La logique et la raison voulaient qu’ils peignent, comme leurs maîtres de l’école des Beaux-Arts, des sujets inspirés de l’histoire et de la littérature, le « Grand genre » composé de personnages aux allures théâtrales, impeccablement peints et modelés comme des statues de marbre. Mais voilà, l’esprit d’indépendance, l’amour de la nature et les fréquents séjours de Monet, Pissarro et Sisley à Rouen ont modifié le cours des choses.
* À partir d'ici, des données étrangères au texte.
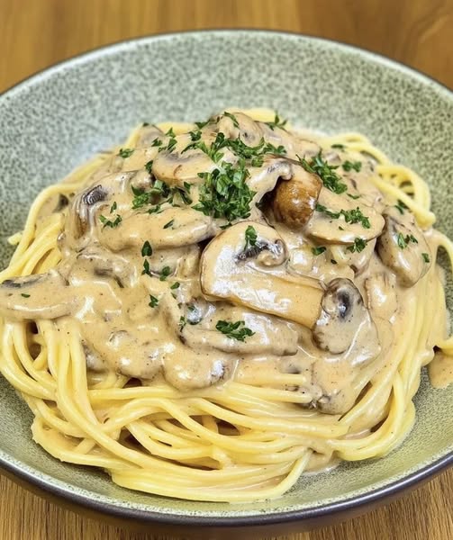 Esparguete com molho de cogumelos

Lebourg, puis Angrand, Frechon, Delattre et Lemaître se sont mis à peindre en plein air, « sur le motif » comme disait Cézanne, des paysages « anodins » noyés dans la brume ou inondés d’une lumière nacrée, sans ruine antique ou toute autre fantaisie. Gustave MORIN leur avait inculqué l’art du dessin, le dosage savant des ombres et des lumières qui modèle les formes … , mais le « pleinairisme » nécessitait des techniques plus spontanées, capables de saisir la nature dans ses aspects les plus fugaces et ses nuances les plus subtiles. Au grand air, le modelé et le contour des formes s’estompent, le ton local disparaît et fait place à un échange infini de reflets dansants où le sujet tremble et se fond dans l’atmosphère humide des bords de Seine. Une « manière picturale » qui va très vite recueillir de nombreux adeptes parmi les jeunes artistes rouennais, grâce à l’initiative deJoseph DELATTRE d’organiser un cours de plein air. « Quand je dis cours, explique-t-il, c’est bien prétentieux, étant donné ma façon de voir le sujet. Ce sera plutôt un mode d’entraînement: promenades à la campagne, où chacun pourrait dire ce qu’il éprouve, où l’on pourrait causer, travailler … ». (2)
Une véritable « récréation » pour les élèves de l’école des Beaux-Arts, habitués à l’enseignement de Zacharie. Bientôt, ils sont huit puis dix à bénéficier des conseils de leur aîné: Marcel COUCHAUX, Maurice LOUVRIER, Léon SUZANNE le boulanger, Maurice VAUMOUSSE, Georges BRADBERRY, Narcisse HENOCQUE, Narcisse GUILBERT, Paul MASCART, Hippolyte MADELAINE, et plus tard Eugène TIRVERT, toute une pléiade de jeunes talents, avides de nouveauté et de liberté. L’expression « École de Rouen », si controversée, trouve ici l’une de ses raisons d’être. Imprégnés des mêmes paysages, des bords de Seine aux vieilles rues rouennaises, ils sont surtout liés par l’amitié et des lieux de rendez-vous communs : l’atelier de Joseph DELATTRE, rue des Charrettes, et les cafés d’alentour. Par la suite, les chemins divergent: les uns se contentent d’observer la nature et ses métamorphoses, les autres poursuivent leurs recherches, se nourrissant des révolutions picturales qui se bousculent en ce début de siècle. Du petit « écrin » de bleus et de gris peint par Maurice LEMAITRE, où la mer, les falaises et les silhouettes féminines se mêlent avec douceur, à la nature morte « cubisante » de Pierre HODE, on mesure toute la diversité de cette « école ». Deux générations d’artistes, un style propre à chacun et des influences plus ou moins marquées mais toujours la même sensibilité, la même poésie; celle des choses les plus simples: le bouquet de fleurs posé sur le rebord d’une fenêtre, l’enfant qui joue dans le jardin, les bateaux en attente dans le port ou les rues de la ville aux cent clochers.
Laurence FLAMENT

(1) E. GOMBRICH, « Histoire de l’art ». Flammarion, 1982.

(2) B. DU CHATENET, « Joseph DELATTRE », Ed. B.D.S., Rouen.